▶ _Problem details_: Leave the pictures out. Return the rest of the listing below exactly.
START Input data
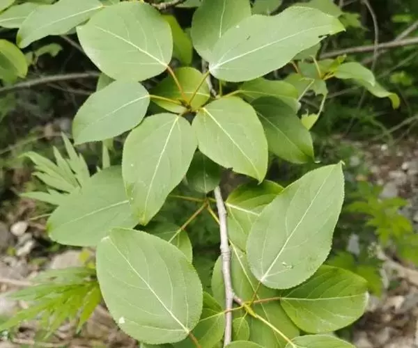 卵叶山杨(植物研究):叶卵形,长4-6厘米,宽2.5-4.5厘米,先端急尖,基部圆形或阔楔形,边缘具粗锯齿。分布于甘肃、陕西、山西、河北。生长于海拔600-1800米的山坡。
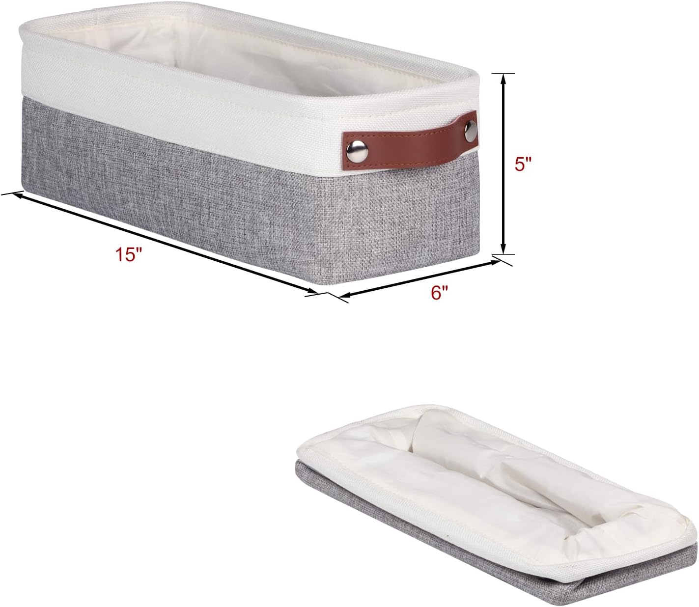 Univivi 4PC Small Fabric Storage Bins,15x6x5 inch Long Narrow Storage Baskets with PU Handles for Closet,Cabinet,Countertop Organizing Small Items (Gray,15x6x5 inch)
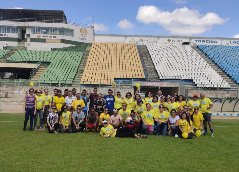 Aproximadas 50 pessoas participaram hoje, 17, da atividade "Futebol pela Vida" no Estádio Olímpico Horácio Domingos de Sousa, promovida pela Prefeitura Municipal de Horizonte, através da Secretaria de Saúde. A ação faz parte da Campanha Setembro Amarelo de Prevenção contra o Suicídio no Município e é coordenada pelos profissionais de saúde mental.
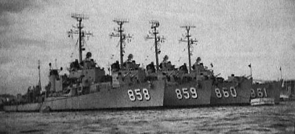 A couple pictures of our Task Group Bravo members. The Blandy 943 -- The FT Berry 858, Norris 859, McCaffrey 860, and Harwood 861. The next set is of the Keppler 765 and the Wasp CVS 18.
END Input data
▶ _Response area_:
 卵叶山杨(植物研究):叶卵形,长4-6厘米,宽2.5-4.5厘米,先端急尖,基部圆形或阔楔形,边缘具粗锯齿。分布于甘肃、陕西、山西、河北。生长于海拔600-1800米的山坡。
 Univivi 4PC Small Fabric Storage Bins,15x6x5 inch Long Narrow Storage Baskets with PU Handles for Closet,Cabinet,Countertop Organizing Small Items (Gray,15x6x5 inch)
 Aproximadas 50 pessoas participaram hoje, 17, da atividade "Futebol pela Vida" no Estádio Olímpico Horácio Domingos de Sousa, promovida pela Prefeitura Municipal de Horizonte, através da Secretaria de Saúde. A ação faz parte da Campanha Setembro Amarelo de Prevenção contra o Suicídio no Município e é coordenada pelos profissionais de saúde mental.
 A couple pictures of our Task Group Bravo members. The Blandy 943 -- The FT Berry 858, Norris 859, McCaffrey 860, and Harwood 861. The next set is of the Keppler 765 and the Wasp CVS 18.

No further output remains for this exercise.